B. DUE DILIGENCE TÜRLERİ
B.1 Hukuki Due Diligence
Hukuki Due Diligence hedef şirketin hukuki açıdan tüm yönleriyle detaylıca incelenmesidir. Bu inceleme şirketler hukuku penceresinden başlayarak şirket yapısının incelenmesi kapsamında kuruluş evraklarının, şirket defterlerinin, temsil dokümanlarının, var ise pay sahipliği sözleşmesinin ve faaliyet raporları ile denetçi raporları gibi kurumsal evrakların incelenmesi yapılarak şirketler hukuku çerçevesinde bir tespit ve risk değerlendirmesi yapılır.
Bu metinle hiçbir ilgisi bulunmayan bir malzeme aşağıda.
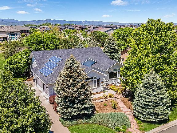 Coming soon! Custom ranch in excellent condition on a half acre estate lot in Fossil Lake Ranch. Walking distance to Zach, Kinard and Fossil, Twin Silo Park, easy access to I-25. Solar system keeps electric bills low. Huge 5 to 6 car garage. Main level living with open floor plan, two master bedrooms, and an office off the entry that can convert to a third bedroom. Finished basement has a large family room with wet bar, two bedrooms, a large laundry/craft room with walk-in closets, an exercise room that can convert to third bedroom, and two 3/4 baths. New roof, gutters, solar inverter, EV car charger and garage doors 2020. New A/C 2021.
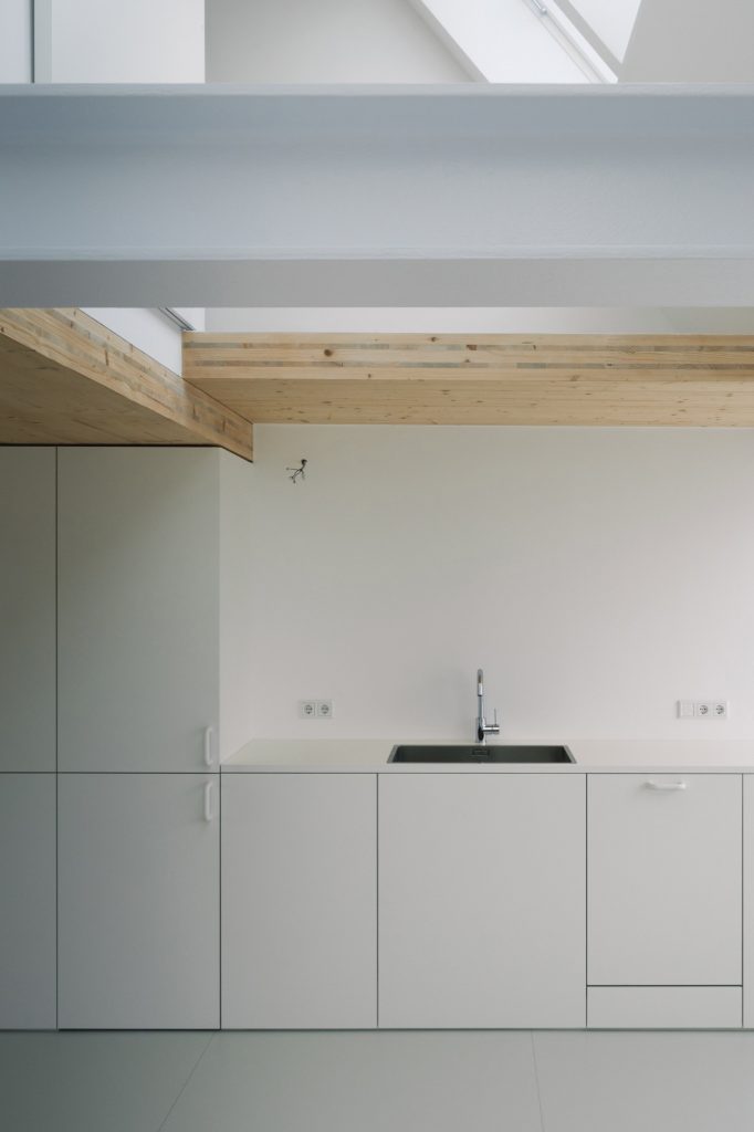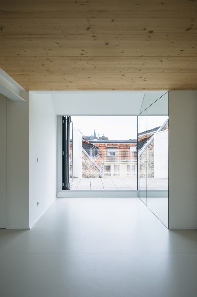 In central Cologne, an unused attic inside a 1940s apartment building becomes the project’s raw material. The roof is removed and rebuilt with a raised ridge line that aligns with neighbouring heights, pushing the allowable envelope to its limit. The shift is calibrated rather than spectacular: it unlocks one extra level and, with it, a 120-square-metre duplex designed as a compact family apartment stitched into the city’s roofscape.

Hukuki Due Diligence prosedüründe üzerinde durulması gereken bir diğer kritik husus ise izin, ruhsat ve lisanslardır. Nitekim birleşme ve devralma işlemlerinde hedef şirket genellikle faaliyette bulunduğu ticari alandaki operasyonları ve bu operasyonlarından sağladığı karlılığı sebebiyle devralınmak istenmektedir. Hedef şirketin söz konusu operasyonlarını devam ettirebilmesi için ise mevzuat kaynaklı bazı izin, ruhsat veya lisanslara sahip olması gerekebilir. Ülkemizde enerji, sağlık ve lojistik gibi regüle piyasalarda izin ve ruhsat gereklilikleri sıkı olup Due Diligence kapsamında incelemesi gerçekleştirilen hedef şirketin bu piyasalarda operasyonları bulunması durumunda söz konusu gereklilikleri sağlayıp sağlamadığının tespiti yüksek önem arz edecektir.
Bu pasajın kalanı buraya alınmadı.